Why is this done this way? Obviously a real number is not a set in our real life, so why do mathematicians define it in terms of sets? In order to understand this, one must go back to the origins of mathematics. One of the first successful theories of mathematics was Greek geometry. The Greeks thought however that every number is either natural or rational. The discovery that ##\sqrt{2}## is not a fraction of two natural numbers was very disturbing to the Greeks. This caused a division between algebra and geometry. Algebra was seen by the Greek mathematicians to be unreliable and leading to paradoxes. Geometry however was pure. The Greek geometers relied on certain axioms in order to define their geometry. It is important to realize that those axioms were seen to be true statements about the real world.
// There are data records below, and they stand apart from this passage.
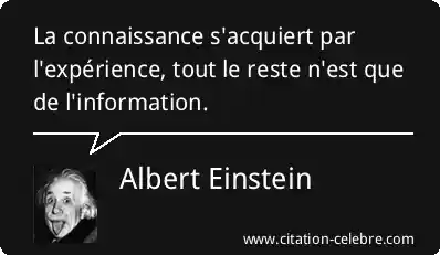 Cette célèbre citation d'Albert Einstein établit une distinction fondamentale entre la connaissance (ou savoir véritable) et la simple information. Pour Einstein, la véritable connaissance est celle qui est profondément assimilée et comprise grâce à la pratique, à l'expérimentation, et à la confrontation directe avec le réel. L'information, en revanche, est vue comme un ensemble de données, de faits ou de théories reçues passivement, qui n'a pas encore été éprouvé ou transformé par l'action et l'expérience personnelle.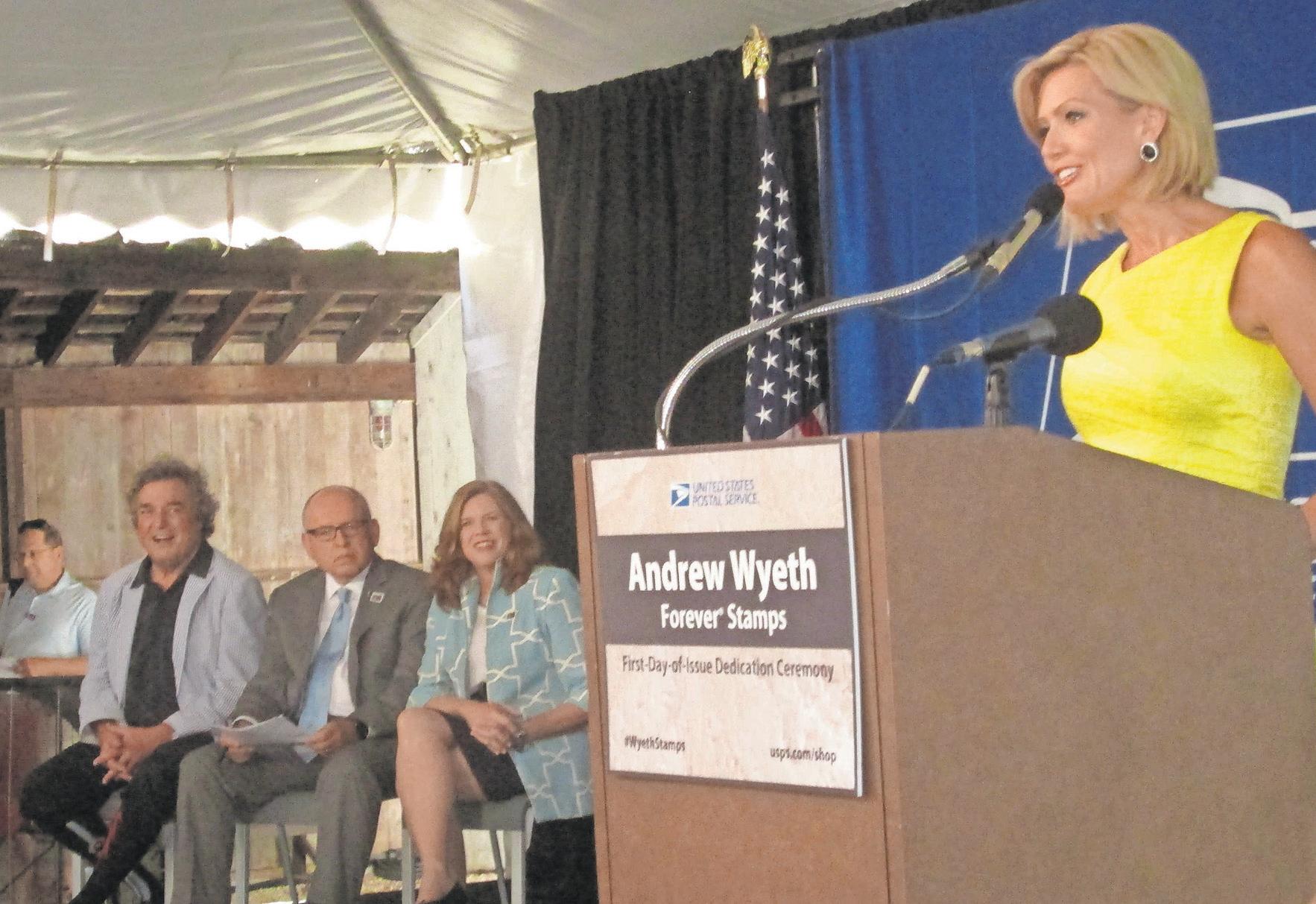 Cecily Tynan introduces Wyeth and other guests at the stamp dedication.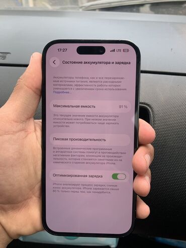 - Состояние аккумулятора по настройкам: максимальная ёмкость 91%, включена «Оптимизированная зарядка».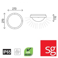The Primo Is A Round, Surface Mounted High Quality Exterior (Ip65) Fitting With An Aluminium Body, Uv Stabilised Polycarbonate Diffuser. The Housing Of This Sg Fitting Is Cast From High Quality Aluminium, Chemically And Electrostatically Cleaned Before The Dry Powder Polyester Coat Is Applied. This Rigorous Finishing Process Ensures That This Fitting Will Look Like New For Many, Many Years. The Uv Stabilized Polycarbonate Diffuser Aids Excellent Light Distribution, With Superior Vandal Resistance. The Exposed Screws Are All Stainless Steel. The High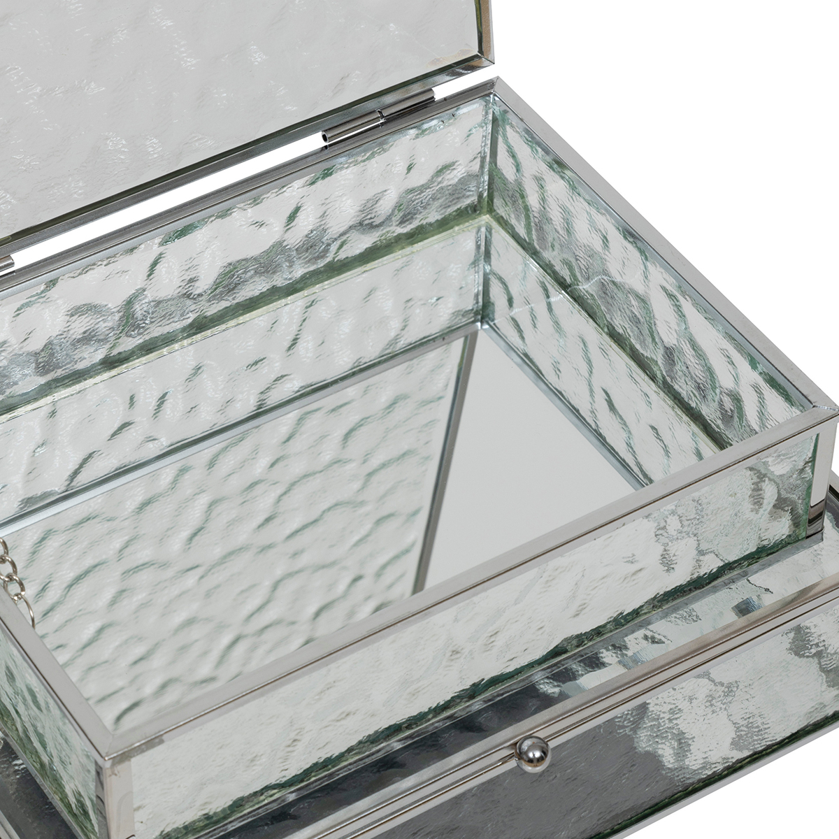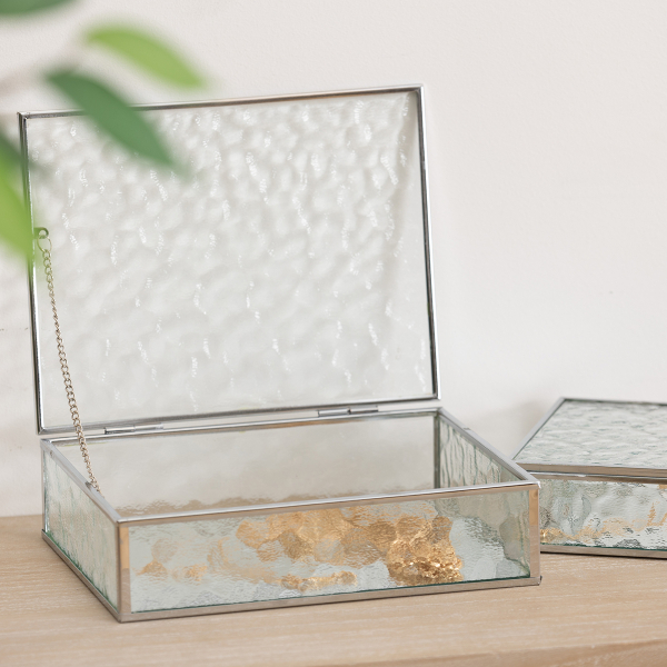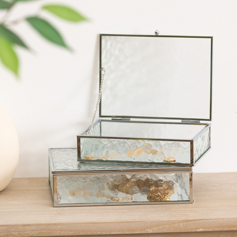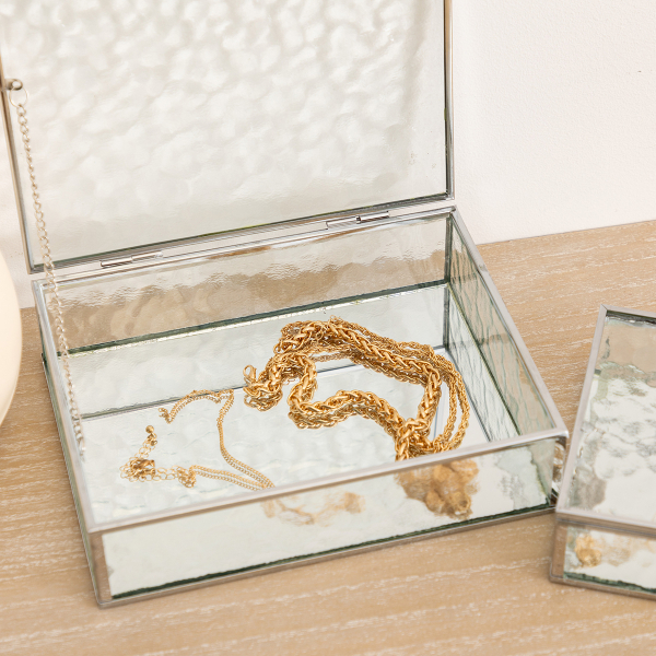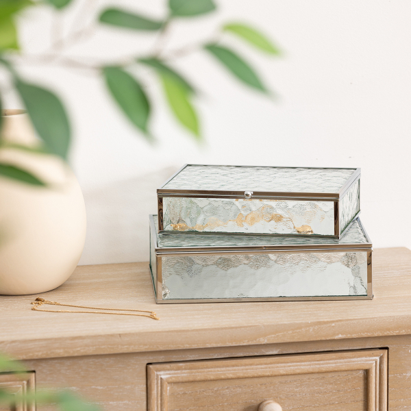 Κουτιά με καπάκι ιδανικά για να τακτοποιήσετε τα μικροπράγματα σας. Το σετ περιλαμβάνει 2 κουτιά διαφορετικών μεγεθών. Είναι κατασκευασμένα από θαμπό γυαλί με ασημί μεταλλικές λεπτομέρειες. Μπορούν να χρησιμοποιηθούν και ως μπιζουτιέρες για κολιέ, βραχιόλια, σκουλαρίκια και δαχτυλίδια.
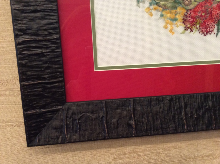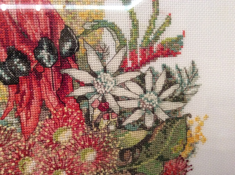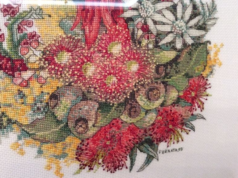 Вторая работа - Wildflower Bouquet, DMC. Перевела бы как «Букет диких цветов», хотя по-русски правильно говорить полевые цветы, так как для нас по смыслу не садовые, не домашние цветы - это полевые. А тут букет из Австралии, многие помнят мое расследование, а что же это за цветы такие чуднЫе, а там они именно дикие, то есть из дикой природы, не полевые, а пустынные, тропические и т.п. Ну вот я и не знаю, я никак иначе не видела оформление этих дикарей, как с красным паспарту и темно-коричневой рамой под какое-то тропическое дерево. Короче, тоже дикое, почти хищное. Что называется, таково видение автора. Девушка пыталась мне предложить другие варианты, я все рассмотрела, но не смогла передумать. В общем, судите сами.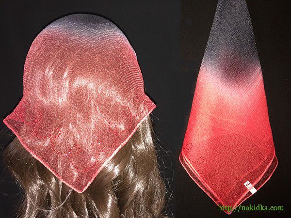 | Красная с черным двутонная нейлоновая косынка с наклееным красным узором |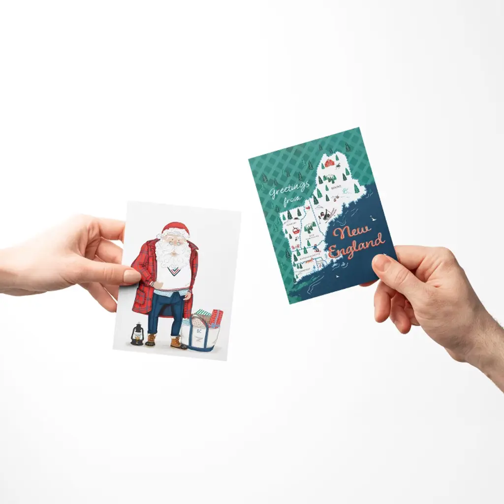 Greetings From New England, New England Boot, Preppy Santa Winter/holiday/christmas Greeting Card Pack Sets (3 Ct, Assorted) By Ramus & Co
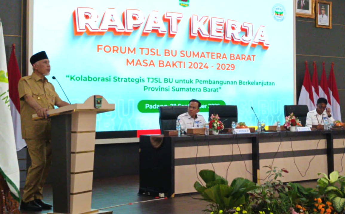 Padang, majalahintrust.com – Gubernur Sumatera Barat Mahyeldi Ansharullah membuka Rapat Kerja Forum Tanggung Jawab Sosial dan Lingkungan Badan Usaha (TJSL BU) Sumatera Barat masa bakti 2024-2029 yang di selenggarakan di Auditorium Gubernuran, Selasa (23/9/2025).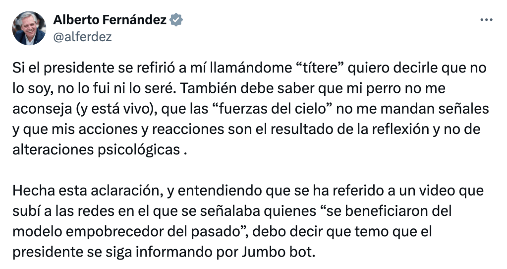 Más allá de valoraciones políticas, Fernández es un expresidente de la Nación y su respuesta en un largo posteo en Twitter habilitó la cuestión del carácter de Milei como un tema de debate. Sobre todo cuando, entre otros conceptos filosos, le reclamó «saber que mi perro no me aconseja (y está vivo), que las ‘fuerzas del cielo’ no me mandan señales y que mis acciones y reacciones son el resultado de la reflexión y no de alteraciones psicológicas«.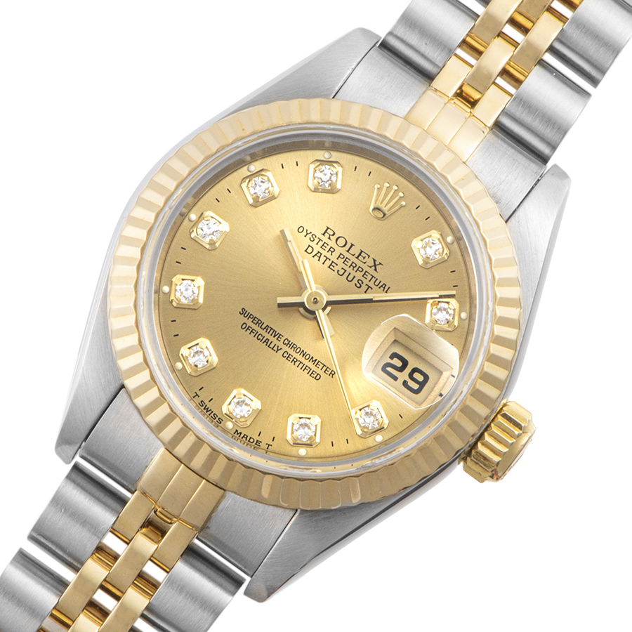 | 商品説明 | ☆イエローゴールドとステンレスのコンビモデルから根強い人気のシャンパン文字盤、10ポイントダイヤインデックスのモデルです。 レディースモデルの代名詞的な存在で、年齢を問わずお使いいただけます。 ※95年に製造されているのでブレスにやや伸びがあり、過去に何度か仕上げされているようで若干の痩せはありますが、目立つ大きな傷はなく全体に大変綺麗な状態です。 表示価格は現金価格となります。 通常ローンはご利用いただけます。 |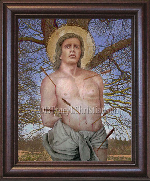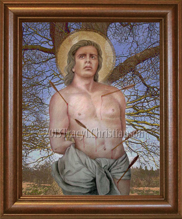 St. Sebastian was a brave Roman soldier who secretly converted many to Christianity in the 3rd century. He was ordered executed and was shot at with arrows and left for dead; a widow discovered him still alive and nursed him back to health, at which time he denounced the persecution of the Christians and was beaten to death. He is the patron saint of athletes and soldiers because of his extreme physical endurance and his brave and energetic way of spreading and defending the Faith.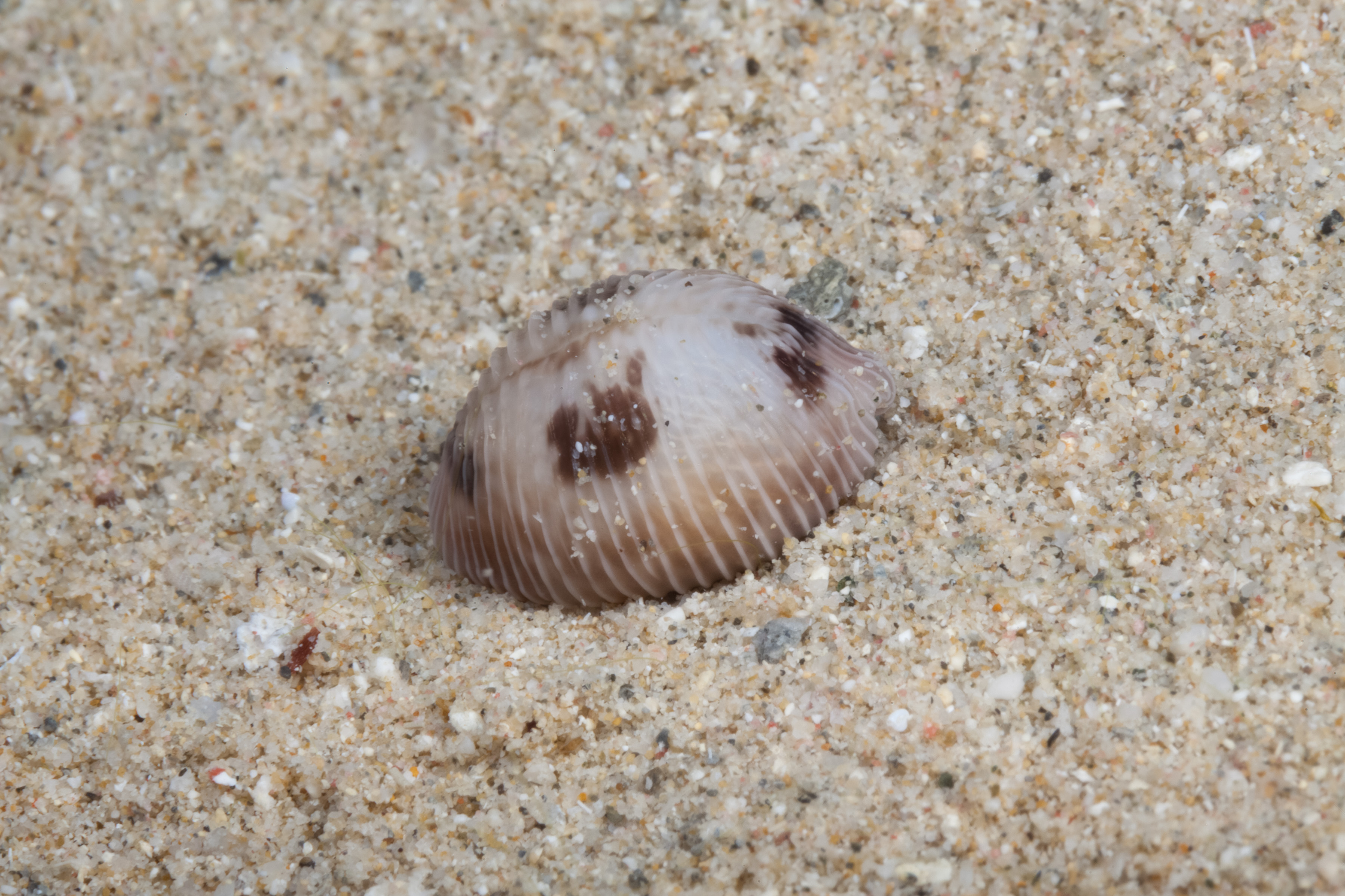 This snail has a grooved shell, often marked with dark blotches. Its mantle is dark gray, brown, or orange, with extensions or knobby bumps.
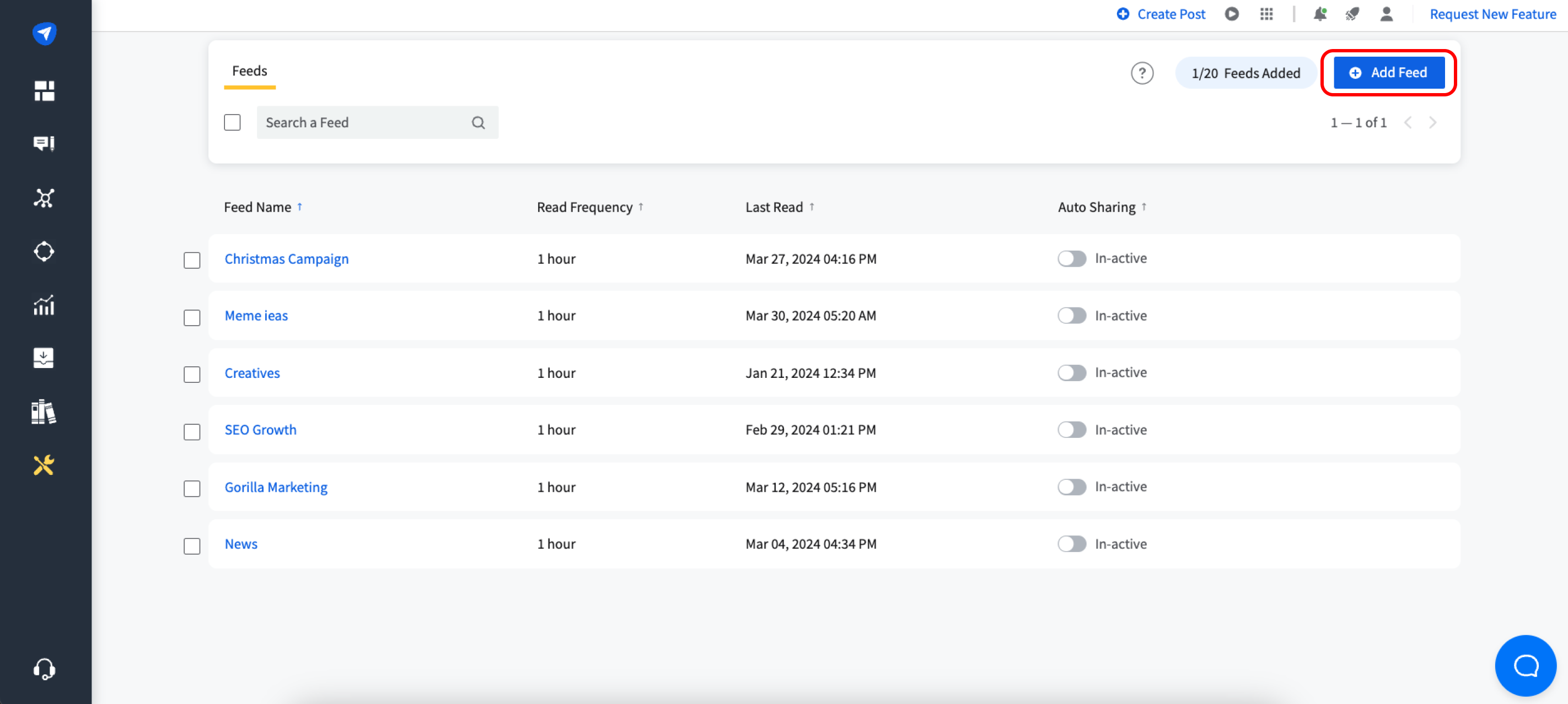 Click on the Add Feed button. This will take you to the Add Feed page.

It took a long time – until the 19th century – for mathematicians to realize that there were other geometries. Hyperbolic geometry was very alike Greek Euclidean geometry, but also had a lot of important differences. It was realized that perhaps space did not behave Euclidean (a fact that was confirmed later by Einstein’s theory of relativity!). So what was the justification then for Euclid’s axioms? We cannot say anymore that they are obvious statements about the real world. The alternative would be that it is a system invented by the mind.

But if Euclidean geometry is invented by the mind, then how are we so sure it is consistent? How are we sure that we can accept these axioms and that no paradox would arise? We can’t. So even the very pure geometry was seen to be flawed. And with it, every result in Euclidean geometry was suspect since its axioms could be paradoxical.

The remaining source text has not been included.